Singer and voice double

Born: February 22 1930;

Died July 24 2016

MARNI Nixon, who has died aged 86, was the unseen, uncredited singing star of three of Hollywood’s best-loved musicals – The King and I, My Fair Lady and West Side Story. Generations of film-lovers would recognise the voice but not the face or name of the woman now known as the most famous “ghost singer” of the golden age of film.

Among the actresses to whom Nixon lent her lilting soprano singing voice in around 50 movies were Helensburgh-born Deborah Kerr, Audrey Hepburn and Natalie Wood in the afore-mentioned musicals, as well as to Ingrid Bergman, Jeanne Crain and Ida Lupino when they were called upon to sing in the dramas Joan of Arc, Cheaper By the Dozen and Jennifer.

Other actresses, not least Marilyn Monroe in her most iconic musical number Diamonds Are a Girl’s Best Friend, from Gentlemen Prefer Blondes (1953), just borrowed a few high notes from Nixon whose involvement was kept secret.

Marni Nixon was born Margaret Nixon McEathron in Altadena, California in 1930. Her nickname came from the first letters of her first and middle names. Throughout her childhood, she played bit parts in movies and showed musical talent on violin and as a singer. In her teens, she became a private pupil of Vera Schwarz, a distinguished Austrian soprano who had settled in the United States.

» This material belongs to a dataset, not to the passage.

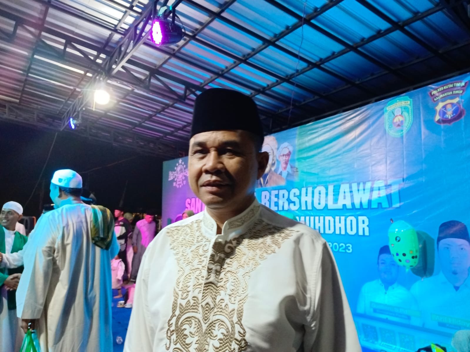 Kutim, reviewsatu.com – Ketua DPRD Kutim Joni menghadiri acara santri bersholawat, di Polder Ilham Maulana, Minggu (29/10/2023) malam.
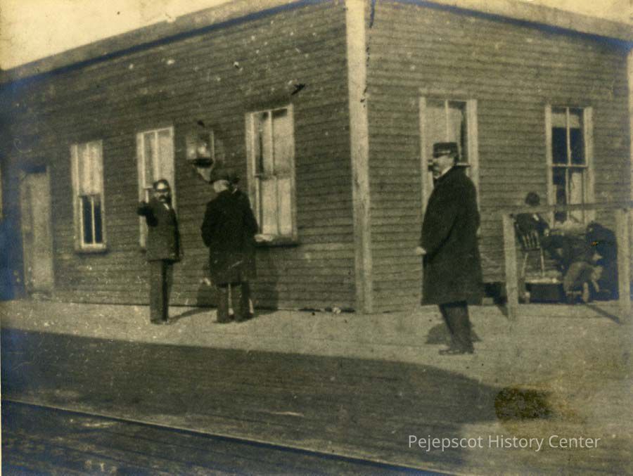 A B/W photograph of Omer & Adjutor Tondreau shining shoes at the first Brunswick railroad station. 1893

At the age of just 17, Nixon appeared as a vocal soloist with the Los Angeles Philharmonic under Leopold Stokowski, singing in Orff’s Carmina Burana, before studying opera at Tanglewood.

Her dubbing career began in 1949 when she provided the singing voice for MGM child star Margaret O’Brien in The Secret Garden. That same year, she provided the singing voice for Cinderella in the classic Walt Disney animation. She went on to make her Broadway debut in The Girl in the Pink Tights, in 1954.

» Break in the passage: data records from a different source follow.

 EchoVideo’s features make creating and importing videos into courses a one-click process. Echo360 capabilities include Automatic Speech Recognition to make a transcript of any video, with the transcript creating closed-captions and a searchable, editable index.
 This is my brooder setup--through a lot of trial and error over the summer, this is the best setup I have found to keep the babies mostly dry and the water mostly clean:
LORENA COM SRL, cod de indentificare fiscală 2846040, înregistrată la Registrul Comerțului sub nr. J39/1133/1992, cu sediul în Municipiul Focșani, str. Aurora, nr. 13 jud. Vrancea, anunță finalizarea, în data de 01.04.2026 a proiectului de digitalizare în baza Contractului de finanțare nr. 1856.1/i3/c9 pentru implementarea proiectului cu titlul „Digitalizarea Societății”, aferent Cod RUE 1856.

Back in the golden age of Hollywood, studios would buy the rights to Broadway shows in order to turn them into lavish musical spectacles. To guarantee good box office returns, they would cast their biggest stars in them – regardless of their singing abilities.

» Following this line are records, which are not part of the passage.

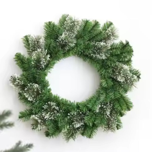 Декоративен заснежен коледен венец
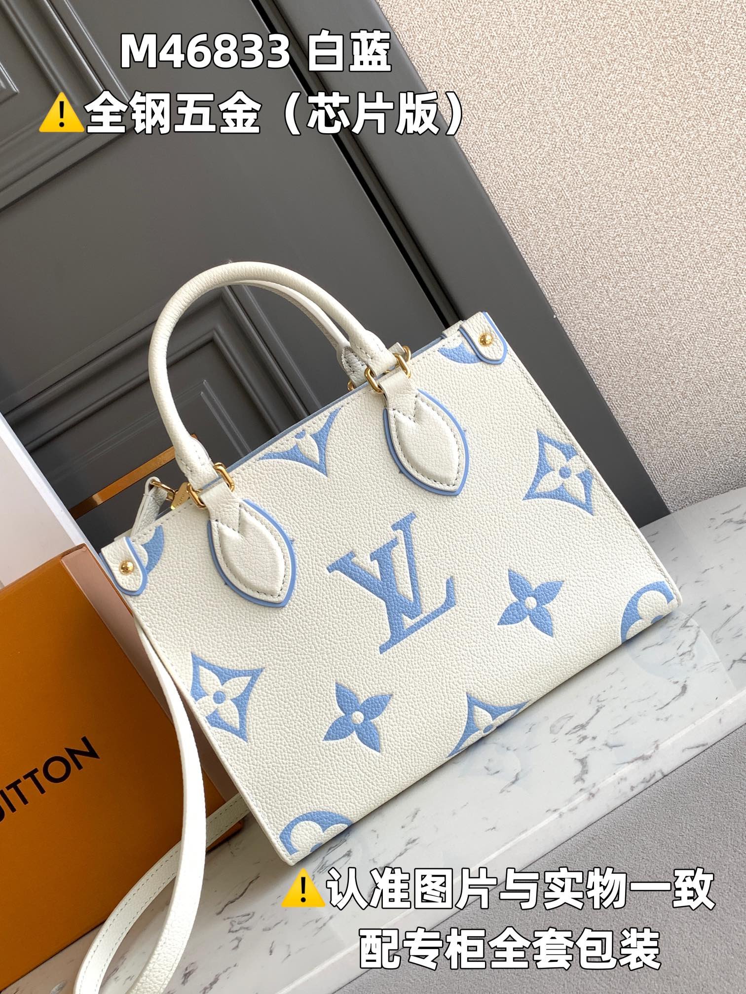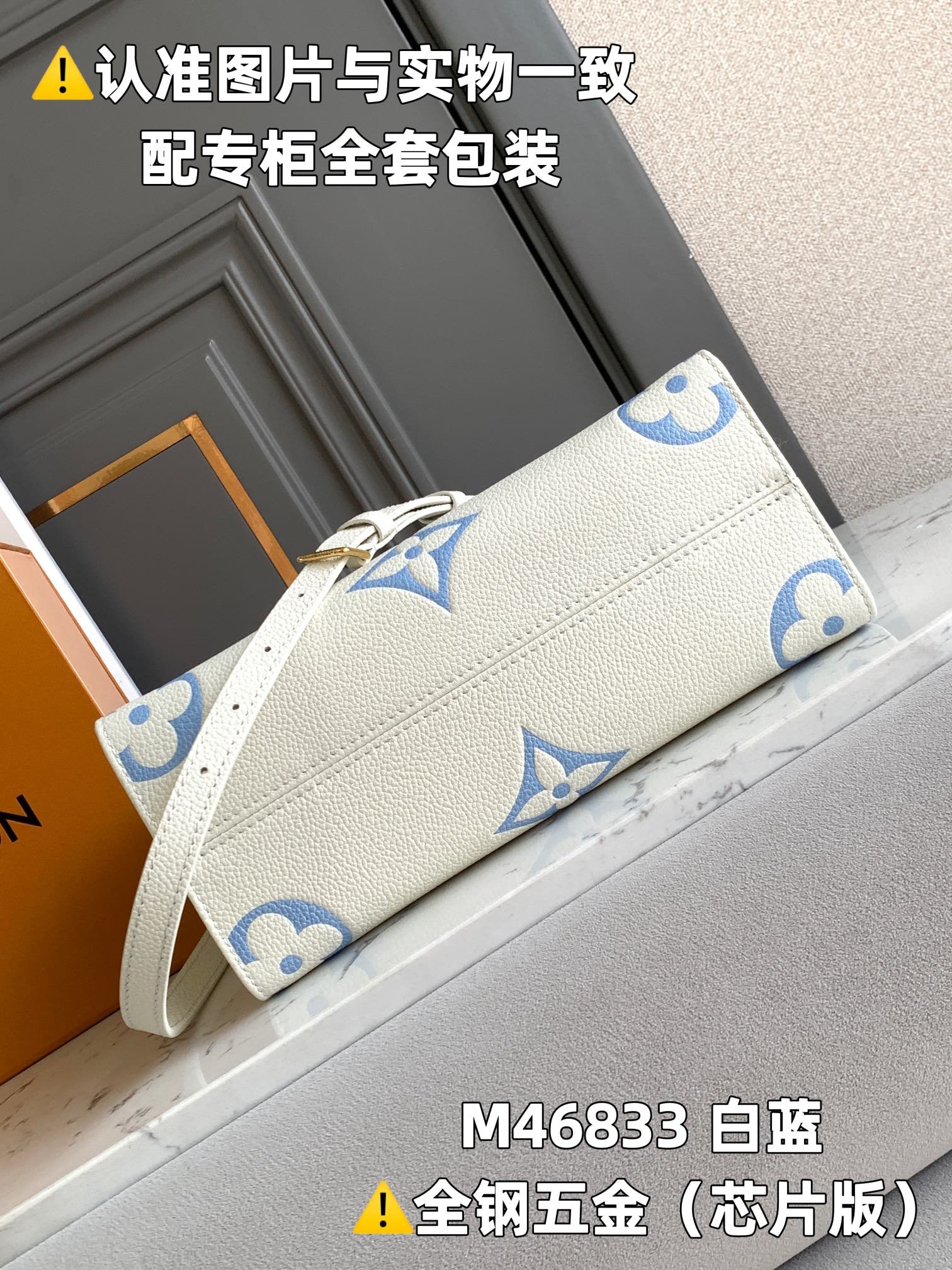 [Super original factory] M46833 white and blue printed (chip version) leather is Italian A-grade leather, which is in terms of quality, hardware, fabric, handwork, oil edge, A-grade product, the picture is consistent with the product, and comes with a full set of packaging. Size: 25x19x11.5CM
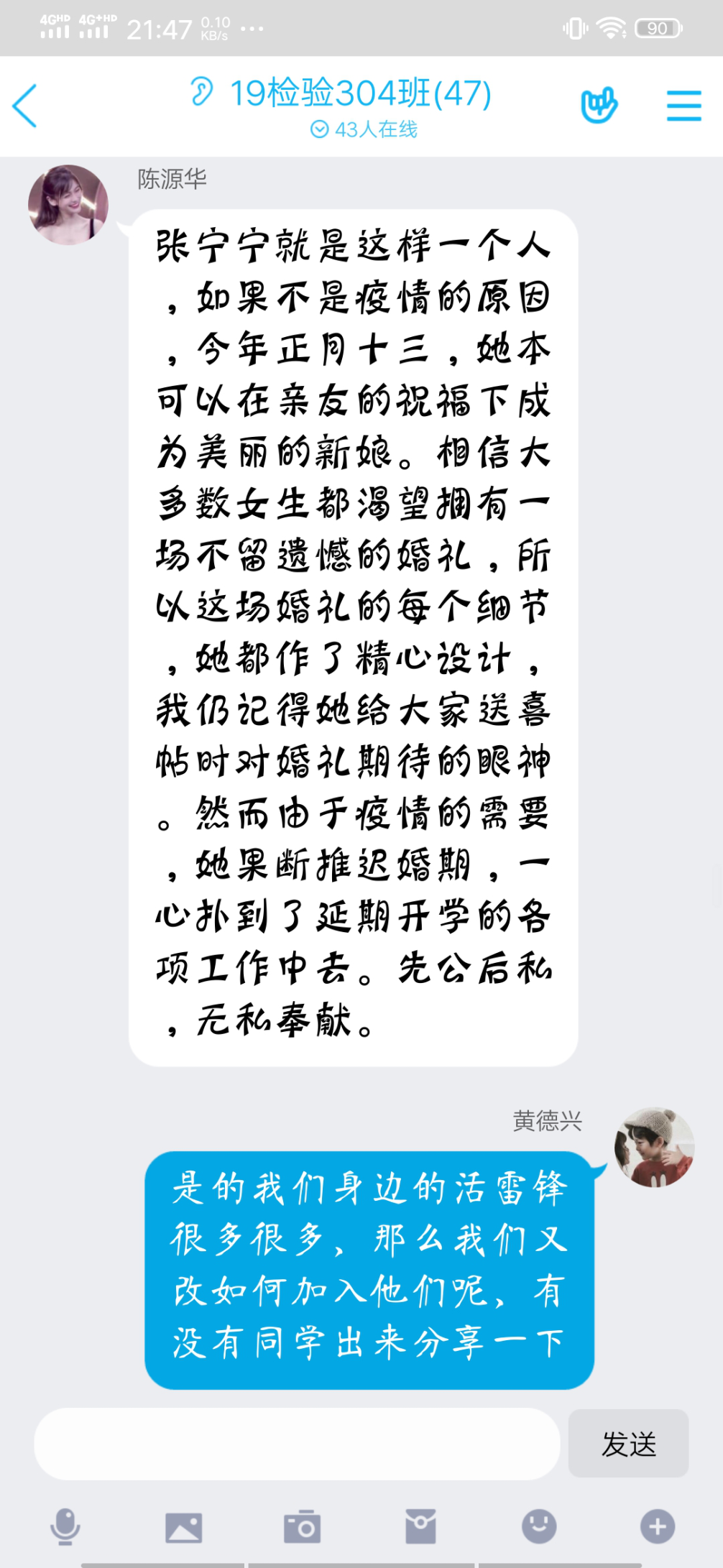 各班團(tuán)支書組織團(tuán)員觀看雷鋒的生平事跡,雷鋒語錄,朗誦贊揚雷鋒的詩歌。同學(xué)們在學(xué)習(xí)的過程中加深和鞏固了心中對雷鋒的認(rèn)知;疫情當(dāng)前,每個同學(xué)都認(rèn)真看待,積極應(yīng)對,并表達(dá)對一線醫(yī)務(wù)人員的關(guān)心和祝福。同學(xué)們表示,每個人嚴(yán)以律己,我們終將勝利。此次抗擊疫情中,不少同學(xué)主動請纓參與志愿者工作,體現(xiàn)了一名大學(xué)生和青年志愿者的情懷。學(xué)習(xí)雷鋒精神讓同學(xué)們知道了如何實現(xiàn)自身價值,為打贏疫情防控阻擊戰(zhàn)貢獻(xiàn)自己的力量,發(fā)揮青年力量,擔(dān)起時代重任。

The first major musical which Nixon worked on was the 1956 extravaganza The King and I, in which Deborah Kerr played the leading role of British nanny Anna Leonowens. In 2004, Nixon said: “I was brought in and had to follow along with her, getting her diction and acting style. She in turn would study how I looked when I hit the high notes.” Nixon went on to record the soundtrack album – which became a chart-topper – for a flat fee of $420.

The studios swore Nixon – who was already a critically acclaimed concert singer in her own right – to secrecy regarding her involvement with the films and its soundtrack, and told her that if she broke the terms of her contract she would never work in Hollywood again.

Although Nixon, albeit with gradual resentment, kept her end of the deal, her involvement soon became one of Tinseltown’s worst-kept secrets, and she was labelled “the ghostess with the mostest” by tabloids. She was finally outed as Kerr’s singing voice when the actress, who received an Oscar nomination for The King and I, praised her work on the film.

Kerr may have appreciated Nixon’s contribution to her film’s success, but Natalie Wood, who had hoped and expected to sing the challenging part of Maria in Leonard Bernstein’s score for West Side Story (1961), felt betrayed by the studio when she learned that her singing had been entirely replaced with that of a voice double. For that movie, Nixon faced the gruelling task of getting her singing to match Wood’s on-screen lip movements. It was the same story with My Fair Lady (1965), as Audrey Hepburn had also hoped to do her own singing, with perhaps only a little support from Nixon.

By the time the soundtrack album for West Side Story was being recorded, Nixon and her manager had decided to lobby for royalties. She later recalled that Leonard Bernstein himself stepped in and made “the incredibly generous gesture” of giving up a percentage of his royalty share – amounting to an impressive payout for her, as the album did phenomenally well.

It was probably just as well that the era of the Hollywood musical was winding down as the dubbing experience was beginning to take an emotional toll on Nixon, who felt as if she was losing her own identity by spending so much time studying and trying to get into the mindset of the actresses to whom she was lending her voice.

Over time, Marni Nixon became a name in her own right, appearing on TV, singing in operas and in Broadway revivals of Follies and Nine. She toured with My Fair Lady in 2007 and published her autobiography I Could Have Sung All Night in 2006. Among her onscreen appearances are as Sister Sophia in The Sound of Music (1965), Law and Order: Special Victims Unit, and in the recent documentary, Secret Voices of Hollywood.

Thrice married, she is survived by her two daughters from her first marriage. Her late son from that marriage, Andrew Gold, was a rock musician/songwriter whose song Thank You For Being a Friend became the title music for The Golden Girls.